Accidents at work caused by bad safety cost businesses in the US $170 billion per year, and nobody can put a figure on much a fatality at work costs.

Being safe does not guarantee that your company will turn a profit. However, being unsafe is a sure-fire way of losing your company money. In other words, good safety means consistency and predictable profits, while the consequences of bad safety are never predictable or desirable.

Following Volkswagen’s decision to cut corners when it came to emissions safety, the company has been found out and is now suffering. What is more, Volkswagen’s new chief has recently claimed that the €6.5 billion set aside to deal with this crisis won’t cover the costs of making their cars safe again.

No one knows how much Volkswagen’s safety hiccup will cost them. Yet what is certain is that Volkswagen’s safer competitors are making more money.

Safety is Leadership

You might be the best qualified safety instructor in your business and your safety insights might be logically correct in every way, but if you are dislikeable then nobody will listen. Leadership is key for the safety of others.

Much ink has been spilt over the difference between a leader and a manager. The idea is that, while managers tell people what to do, leaders show people what to do by being a golden example. However, the key thing to remember is that the titles themselves do not matter. What is important is the attitude.

If you are a manager, you need to show your staff leadership when it comes to safety.

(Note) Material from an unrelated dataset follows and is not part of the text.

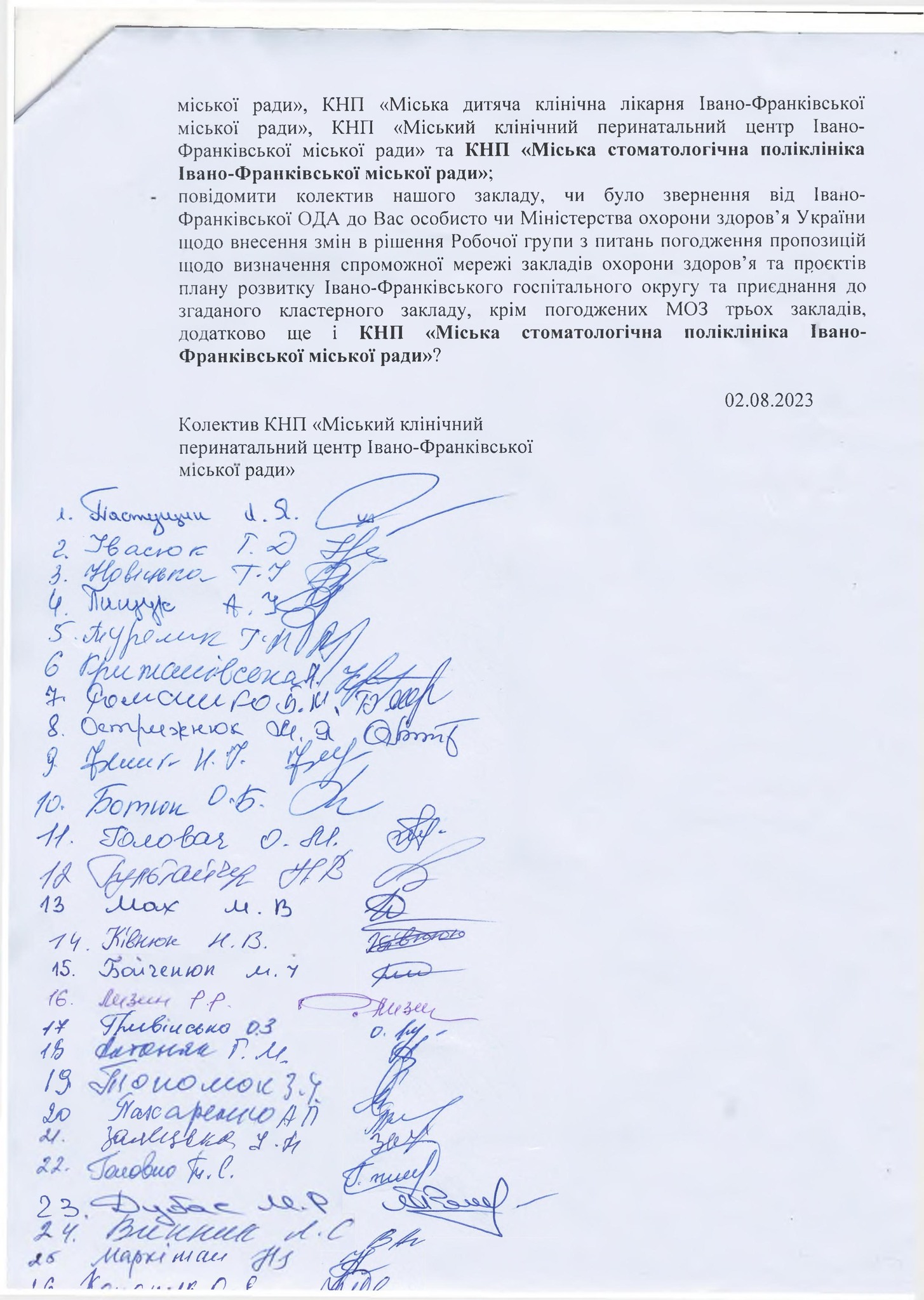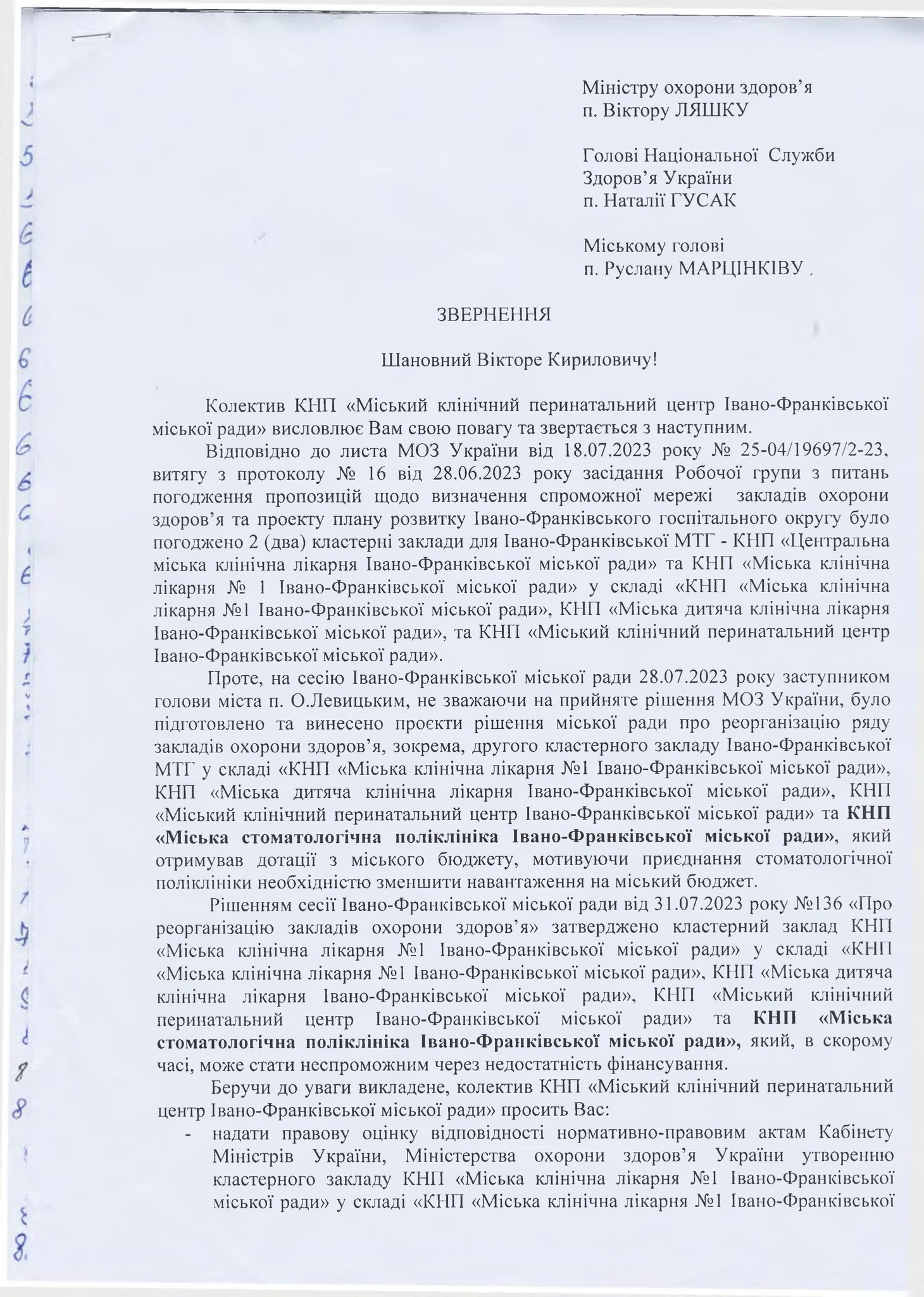 Колектив КНП “Міський клінічний перинатальний центр Івано-Франківської міської ради” написав звернення до Міністра охорони здоров’я Віктора Ляшка.

  • Rather than simply putting regulations in place and walking away, a leader makes sure that those regulations are followed.
  • Rather than acting as if they are beyond safety practices because of their privileged position, a leader takes care in every action because they know that they are likely to be emulated.
  • Rather than simply telling their employees to follow the rules, a leader explains why.

Safety is Enthusiasm

At first glance, safety might seem like a subject utterly void of enthusiasm. Yet this is simply not the case.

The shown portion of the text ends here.